Many development projects leverage the Robot Operating System (ROS), which comprises a set of software libraries and tools for creating robot systems. While ROS has been recently updated to ROS 2, its native Continuous Integration/Continuous Delivery (CI/CD) development pipeline is designed explicitly for homogeneous CPU-based processing systems.

In addition, monitoring and automation are added to the CI/CD pipeline to improve the process of application development, particularly at the integration and testing phases and during delivery and deployment. This automation minimises the manual execution of each of the steps of a CI/CD pipeline and roboticists to use the same conventions of ROS 2 with the same tooling for parts that are implemented in software or that are offloaded or accelerated in programmable logic.

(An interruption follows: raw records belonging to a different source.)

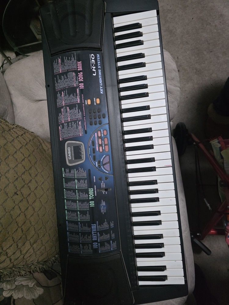Casio LK-30 electronic keyboard with light-up key learning system. Great for beginners learning piano or kids practicing music. • 61 full-size keys • Lighted key system for easy learning • 100 tones, 100 rhythms, and 100 song bank • Built-in speakers • Volume control and rhythm controls • Good working condition Perfect starter keyboard for learning piano. Local pickup.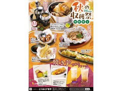~ 旬な秋の味覚9種類を期間限定でお楽しみください ~ 「くつろぎ」の空間を提供し、お食事を楽しんでいただく居酒屋「とりあえず吾平」では「秋の収穫祭」を9月17日(水)より期間限定で開催いたし...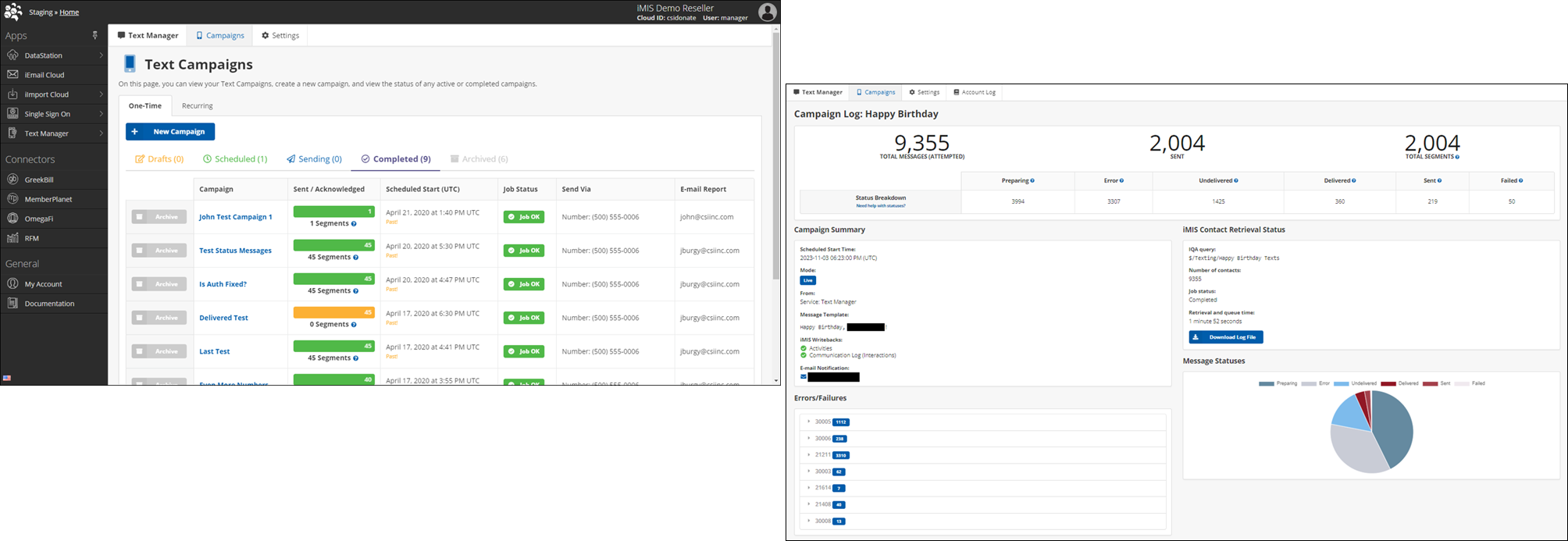 Select the Campaign name to open the status dashboard. The following Status Breakdown appears:

There is also a mechanism to benchmark the execution of a ROS 2 node application, which helps identify bottlenecks and specifically tailor one or more kernels as offloaded kernels in programmable logic.

High-performance adaptive edge computing is a pillar of industrial digital transformation. Programmable SOMs can simplify the creation of flexible, adaptive computing solutions and, with purpose-designed IP including software stacks, can accelerate the development of a production-ready model.